Song by Asha Bhosle and Mohammed Rafi
- Released: 1973
- Recorded: Mumbai, 1973
- Genre: Filmi
- Length: 5:30
- Label: Saregama India Ltd.
- Composer: R. D. Burman
- Lyricist: Majrooh Sultanpuri

= Chura Liya Hai Tumne Jo Dil Ko =

"Chura Liya Hai Tumne Jo Dil Ko" is an Indian Hindi song by Asha Bhosle and Mohammad Rafi from the 1973 Bollywood film Yaadon Ki Baraat. Picturized on Vijay Arora and Zeenat Aman, it is written by Majrooh Sultanpuri and composed by R. D. Burman and the guitar is played by Bhupinder Singh. It has been remixed and sampled by many other artists.

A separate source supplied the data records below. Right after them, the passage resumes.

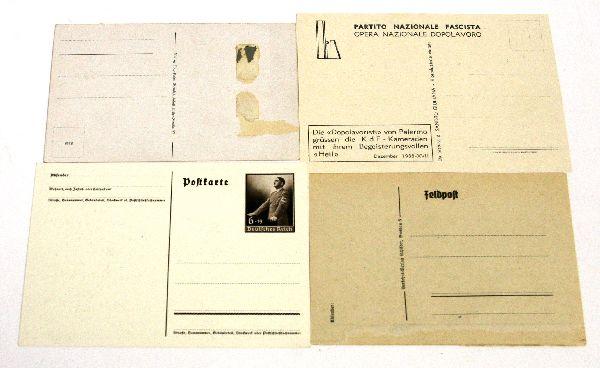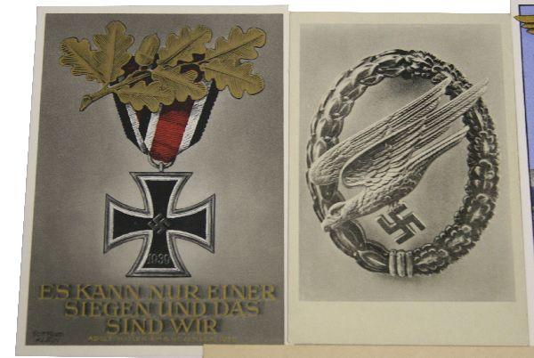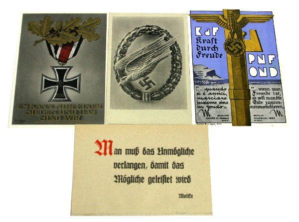 A group of 4 quite scarce WWII Third Reich propaganda postcards the lot includes, KDF Fascist Nazi freindship card 1938, near mint, Iron Cross card by Gottfried Klien, mint unused, Luftwaffe Paratrooper Badge card, some adhesive residue very good, and a final propaganda passage card, adhesive residue very good.
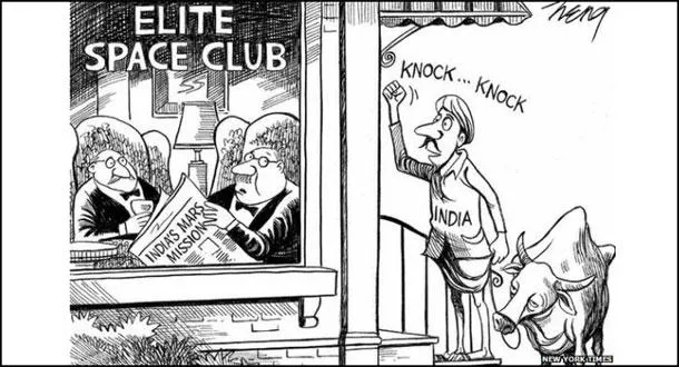 يظهر الرسم الكاريكاتيري مزارعا هنديا ومعه بقرة يقرع باب غرفة تمثل «نادي الفضاء النخبوي»، وبداخله رجلان يرتديان ربطة عنق (بابيون) ويقرآن صحيفة كتب عليها مهمة الهند إلى المريخ.
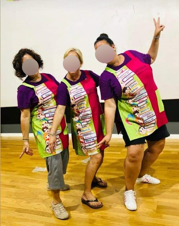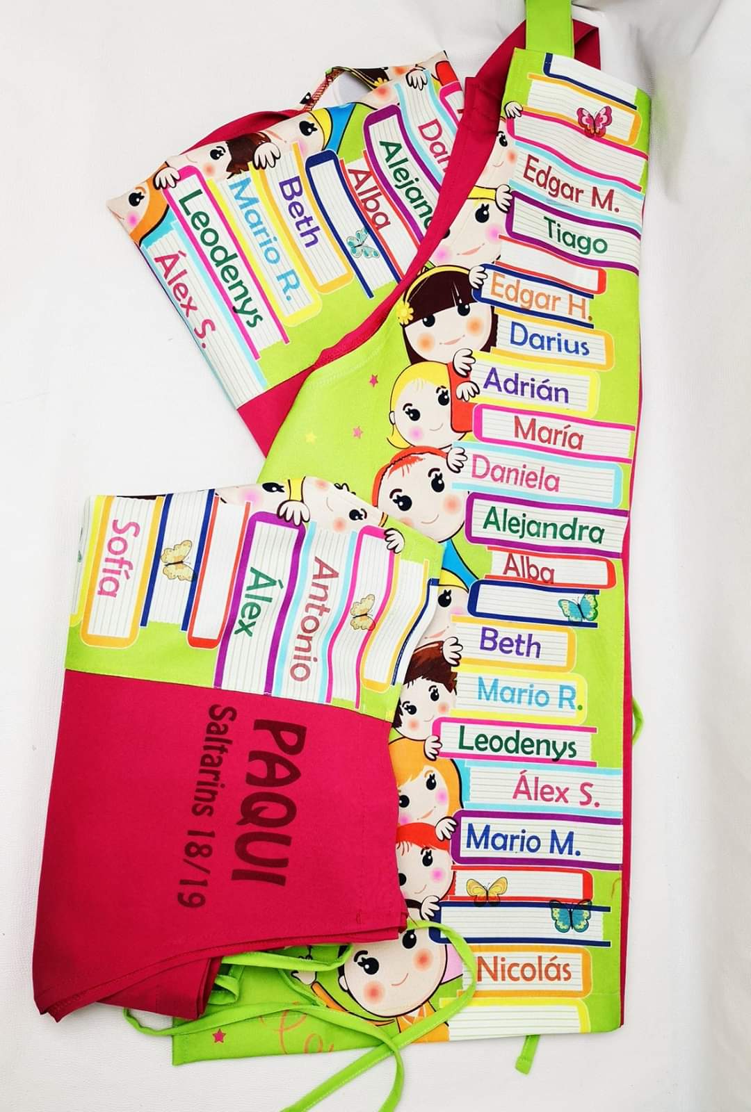 Con el nombe de los alumnos, frase que el quieras dedicar en el bolsillo y nombre de la seño, curso y demás.
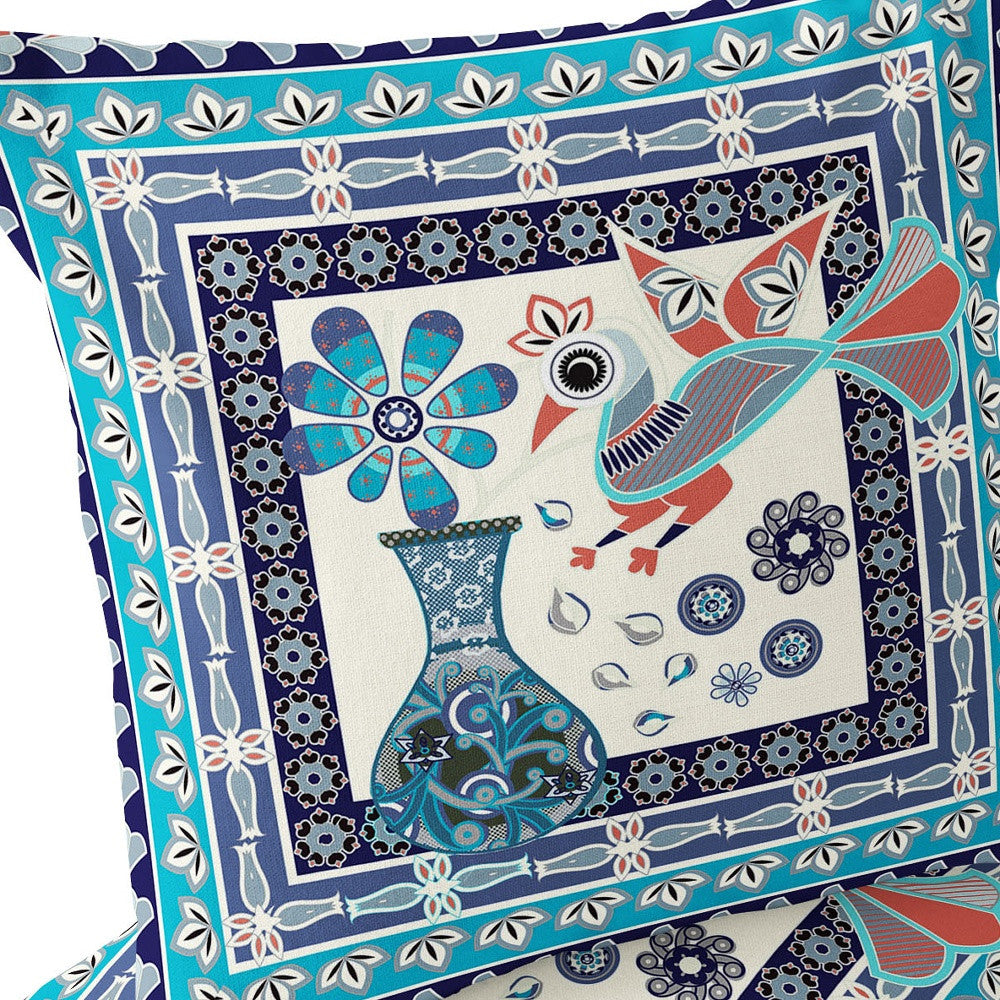 floral indoor outdoor throw pillow, outdoor throw pillow, indoor outdoor throw pillow, blue peacock blown seam floral, seam floral indoor outdoor throw
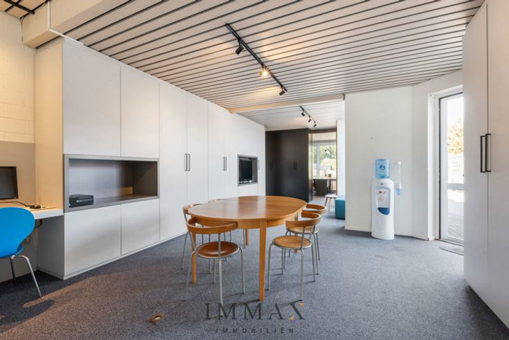 Het gelijkvloers is stijlvol ingericht als kantoorruimte met aparte vergaderzaal en toilet met achteraan nog een afzonderlijke bureauruimte (circa 100m²).

The song was a hit in the 1970s, and has gained a cult status in India. In 2020, Asha Bhosle named this song as one of her favourite songs. The song was picked by Pinkvilla by one of the most iconic songs of Asha Bhosle on her 89th birthday. The song has continued received attention in retrospectives and discussions of Bhosle's recorded works.

==Cultural impact==
In 2021, Pakistani politician Maryam Nawaz sang this song on her son's wedding ceremony. In 2022, the song was performed by Indian TV actress Ashi Singh on Valentine's Day.

==Versions==

This song has been remade and re-sung by many artists including Indian Idol season 12 contestant Shanmukhapriya. The song has also been performed in later television and live music programs.